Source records
+ + +
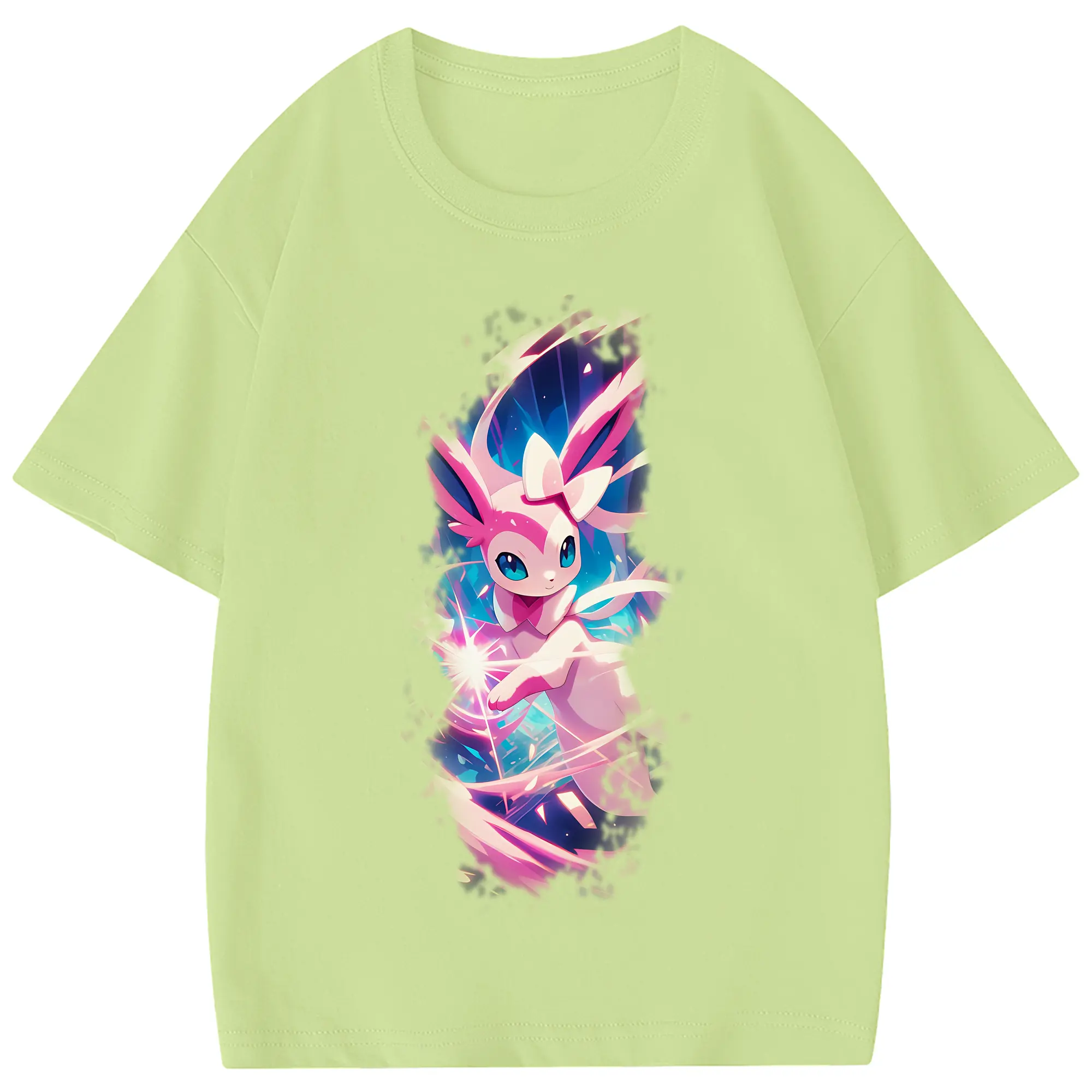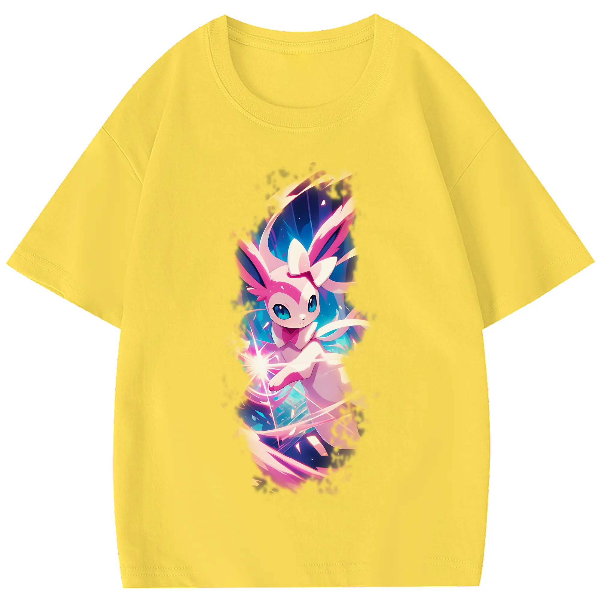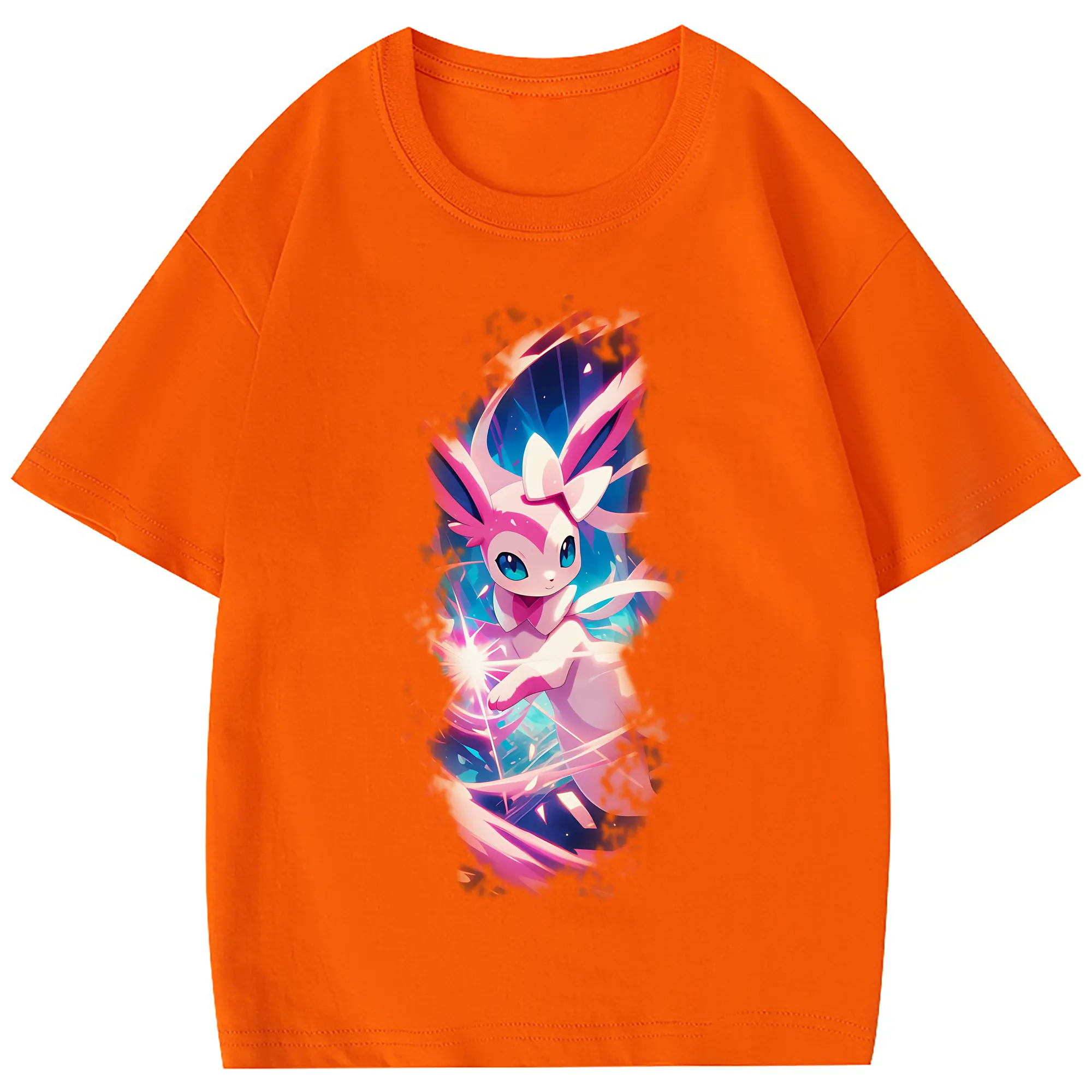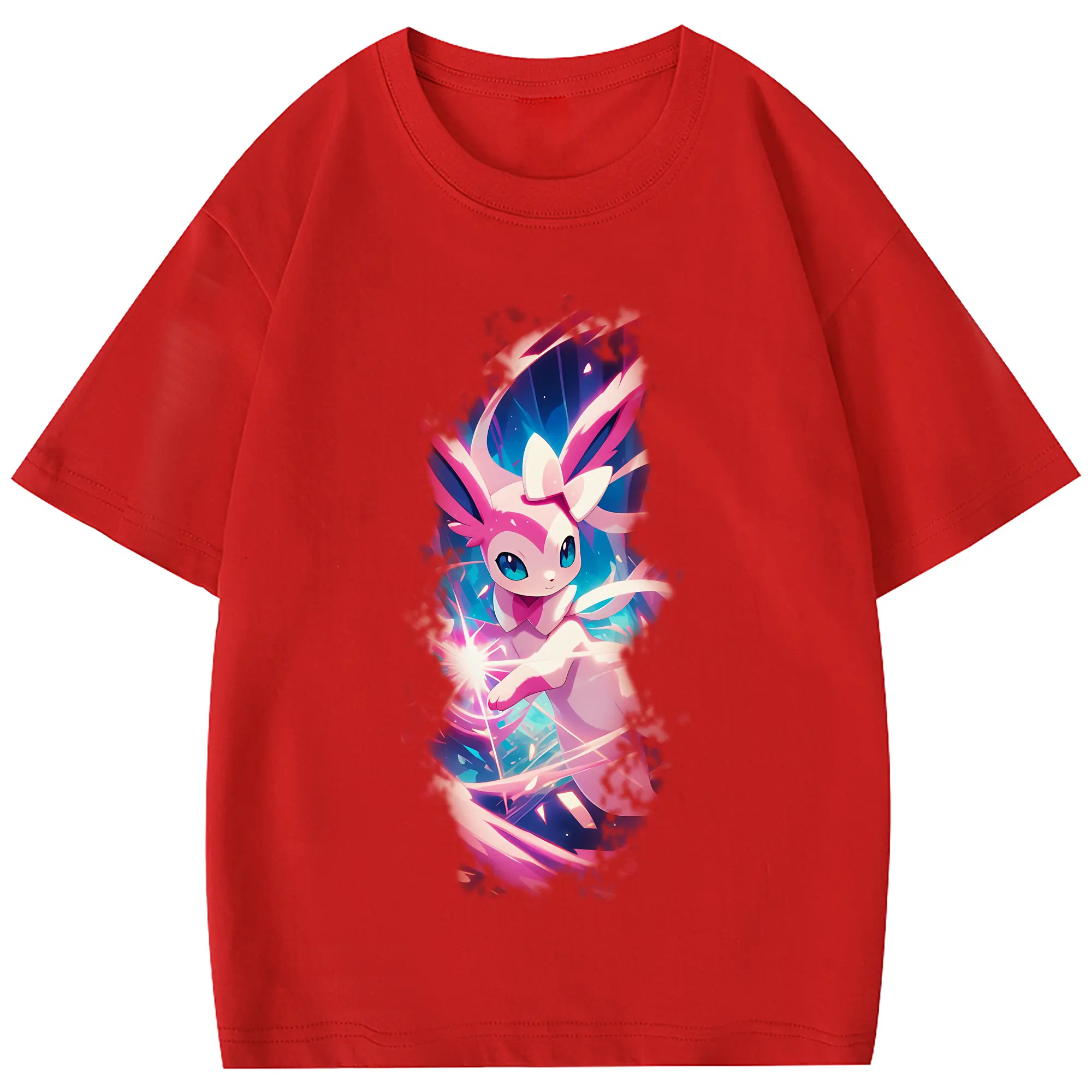 ポケモン グッズ,ニンフィア - 綿100% 半袖Tシャツ ・ フロントプリント ・ 快適 通気性 ・ 日常使い 散歩 スポーツ用
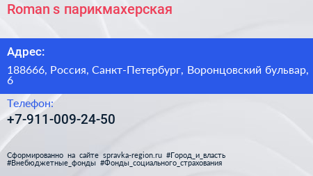 Roman`s, парикмахерская по адресу 188666, Россия, Санкт-Петербург, Воронцовский бульвар, 6 в дальнейшем Организация, размещена в следующих категориях:
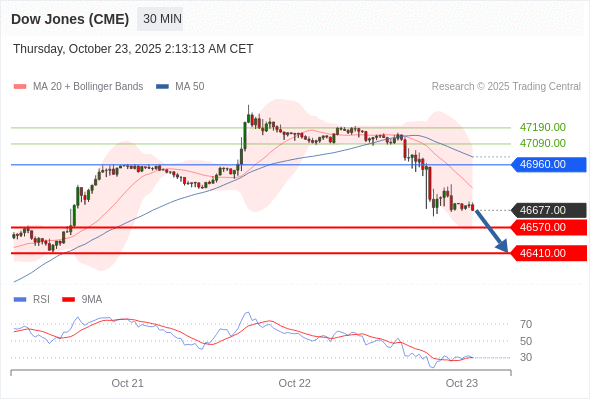 在 46960.00 之下,看跌,目标价位为 46570.00 ,然后为 46410.00 。
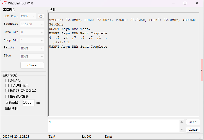 接收操作: 先禁用 DMA1 通道 4,使能 USART1 的接收 DMA 请求,调用 DMA_RecvConfiguration 函数配置 DMA 接收,等待接收完成标志置位,打印接收完成信息并逐个输出接收到的数据。
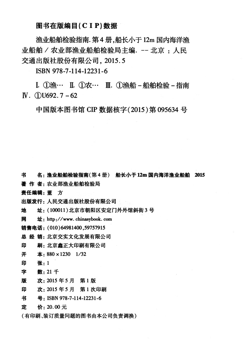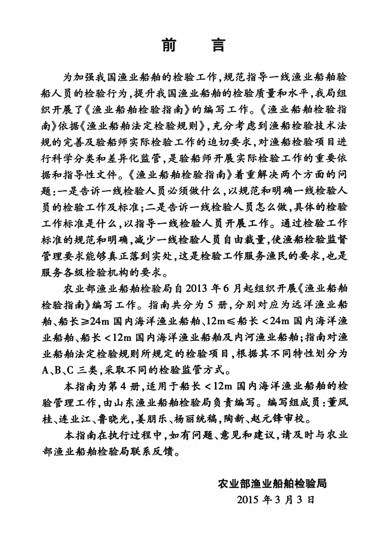书名:渔业船舶检验指南(第4册)船长小于12m国内海洋渔业船舶
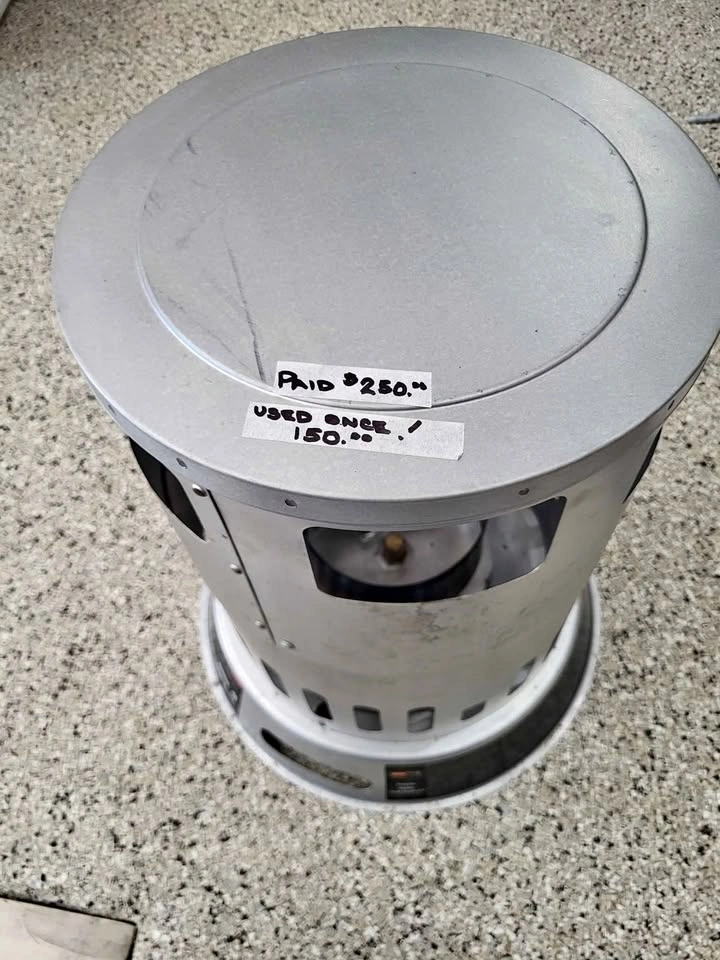 50,000-80,000 but propane heater. Used once. Paid $250...buy now $140
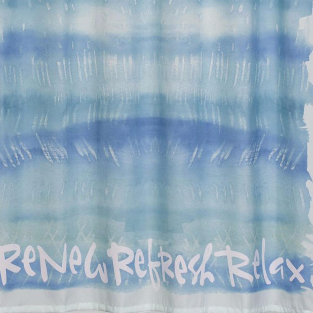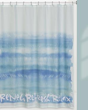 A water color effect in a variation of blues with an inspirational message gives ant bathroom an uplift.
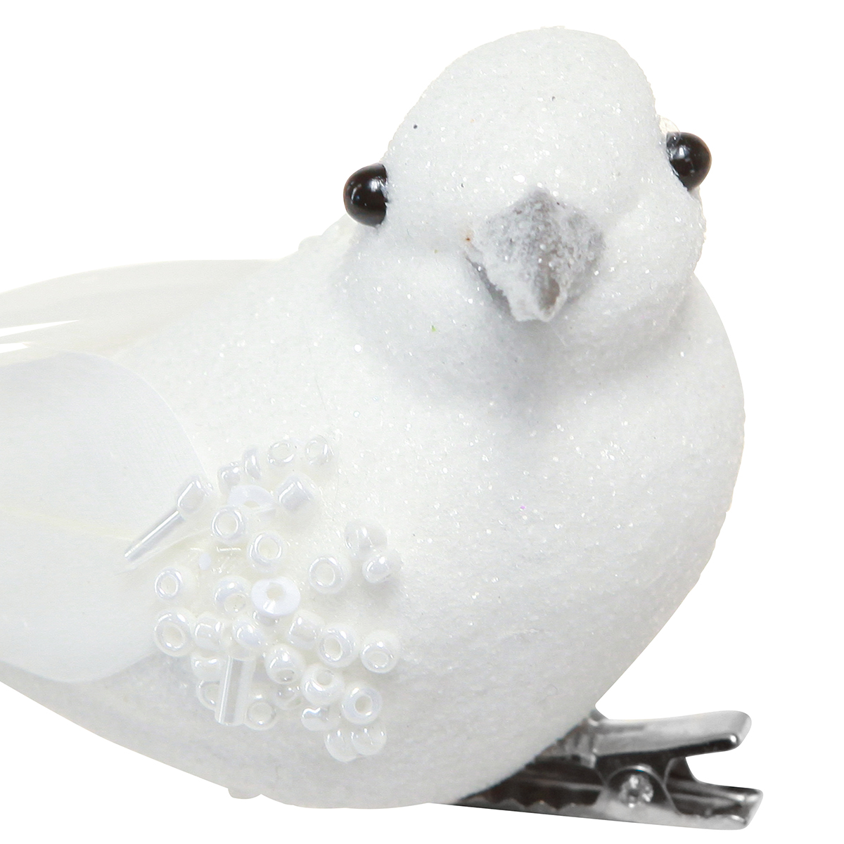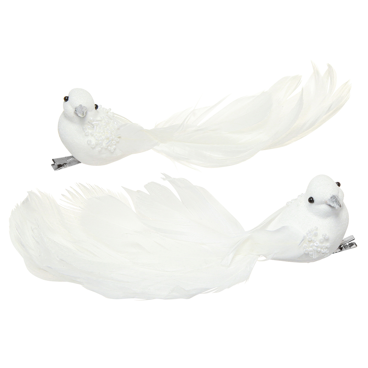 Das Taubenpaar am Clip besitzt eine Länge von etwa 22 Zentimetern und ein Höhe von circa 5 Zentimetern. Die Körper sind in einem eleganten Weiß gehalten, das zusätzlich noch durch silbernen Glitter, Perlen und Pailletten zum Funkeln gebracht wird. Die Schwanzfedern und die Flügel bestehen aus echten, weißen Federn, die zum Teil noch mit Glitter geschmückt sind.
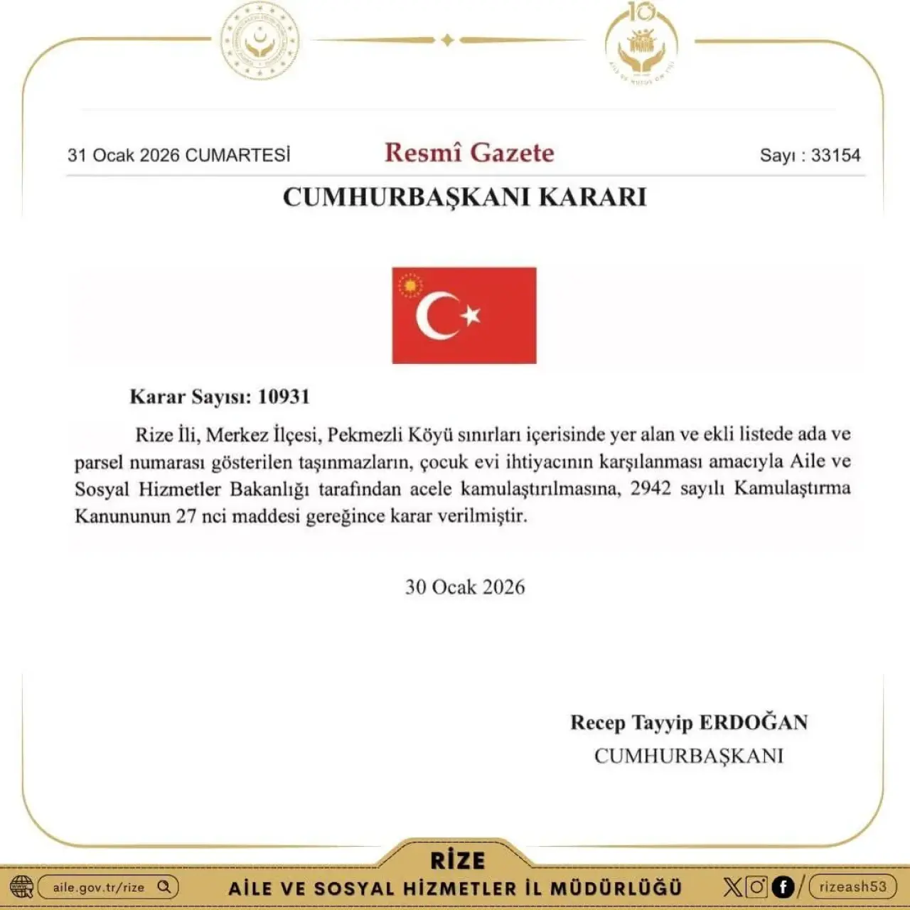 Rize Aile ve Sosyal Hizmetler İl Müdürü Hüseyin Güçlü” Cumhurbaşkanımız Sayın Recep Tayyip Erdoğan’ın tensipleriyle, İlimiz Merkez İlçesi Pekmezli Köyü’nde çocuk evleri sitesi ihtiyacının karşılanması amacıyla tesis edilen acele kamulaştırma işlemlerine ilişkin karar, Resmî Gazetede yayımlanmıştır. İlimize hayırlı olmasını temenni ediyoruz." Dedi.
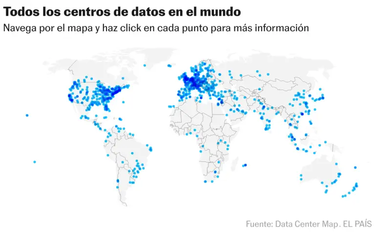 En todo el mundo, existen decenas de miles de centros de datos, desde pequeños centros regionales hasta gigantes instalaciones de empresas como Google, Amazon, Microsoft y Meta, estos son la columna vertebral de la era digital, ya que almacenan, procesan y distribuyen la información que usamos a diario en internet, aplicaciones y servicios en la nube. Estos centros se concentran principalmente en regiones con buena infraestructura, energía económica y clima favorable, como EE. UU., Europa del Norte y Asia. Se ubican en regiones donde no solo hay buena infraestructura y energía económica, sino también disponibilidad hídrica, lo cual puede generar tensiones en zonas donde el agua es escasa o está en disputa.
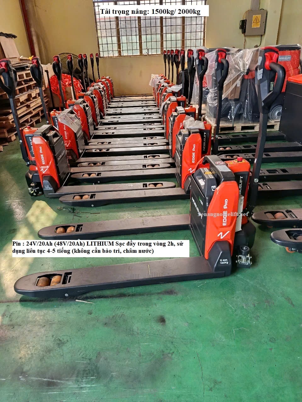 Xe nâng tay điện thấp Noblelift Tiết kiệm sức lao động không cần kéo đẩy bằng tay như xe nâng cơ.Tăng hiệu suất làm việc Nâng hạ và di chuyển hàng hóa nhanh chóng. An toàn hơn Hệ thống phanh và điều khiển giúp giảm nguy cơ tai nạn. Thân thiện với môi trường không phát thải khí độc, phù hợp sử dụng trong nhà kho kín chi phí vận hành thấp chỉ cần sạc điện thay vì đổ nhiên liệu.
+ + +
Requirement:
Verbatim repetition of the entries is required, excluding any pictures.

Solution to this problem:
 ポケモン グッズ,ニンフィア - 綿100% 半袖Tシャツ ・ フロントプリント ・ 快適 通気性 ・ 日常使い 散歩 スポーツ用
 Roman`s, парикмахерская по адресу 188666, Россия, Санкт-Петербург, Воронцовский бульвар, 6 в дальнейшем Организация, размещена в следующих категориях:
 在 46960.00 之下,看跌,目标价位为 46570.00 ,然后为 46410.00 。
 接收操作: 先禁用 DMA1 通道 4,使能 USART1 的接收 DMA 请求,调用 DMA_RecvConfiguration 函数配置 DMA 接收,等待接收完成标志置位,打印接收完成信息并逐个输出接收到的数据。
书名:渔业船舶检验指南(第4册)船长小于12m国内海洋渔业船舶
 50,000-80,000 but propane heater. Used once. Paid $250...buy now $140
 A water color effect in a variation of blues with an inspirational message gives ant bathroom an uplift.
 Das Taubenpaar am Clip besitzt eine Länge von etwa 22 Zentimetern und ein Höhe von circa 5 Zentimetern. Die Körper sind in einem eleganten Weiß gehalten, das zusätzlich noch durch silbernen Glitter, Perlen und Pailletten zum Funkeln gebracht wird. Die Schwanzfedern und die Flügel bestehen aus echten, weißen Federn, die zum Teil noch mit Glitter geschmückt sind.
 Rize Aile ve Sosyal Hizmetler İl Müdürü Hüseyin Güçlü” Cumhurbaşkanımız Sayın Recep Tayyip Erdoğan’ın tensipleriyle, İlimiz Merkez İlçesi Pekmezli Köyü’nde çocuk evleri sitesi ihtiyacının karşılanması amacıyla tesis edilen acele kamulaştırma işlemlerine ilişkin karar, Resmî Gazetede yayımlanmıştır. İlimize hayırlı olmasını temenni ediyoruz." Dedi.
 En todo el mundo, existen decenas de miles de centros de datos, desde pequeños centros regionales hasta gigantes instalaciones de empresas como Google, Amazon, Microsoft y Meta, estos son la columna vertebral de la era digital, ya que almacenan, procesan y distribuyen la información que usamos a diario en internet, aplicaciones y servicios en la nube. Estos centros se concentran principalmente en regiones con buena infraestructura, energía económica y clima favorable, como EE. UU., Europa del Norte y Asia. Se ubican en regiones donde no solo hay buena infraestructura y energía económica, sino también disponibilidad hídrica, lo cual puede generar tensiones en zonas donde el agua es escasa o está en disputa.
 Xe nâng tay điện thấp Noblelift Tiết kiệm sức lao động không cần kéo đẩy bằng tay như xe nâng cơ.Tăng hiệu suất làm việc Nâng hạ và di chuyển hàng hóa nhanh chóng. An toàn hơn Hệ thống phanh và điều khiển giúp giảm nguy cơ tai nạn. Thân thiện với môi trường không phát thải khí độc, phù hợp sử dụng trong nhà kho kín chi phí vận hành thấp chỉ cần sạc điện thay vì đổ nhiên liệu.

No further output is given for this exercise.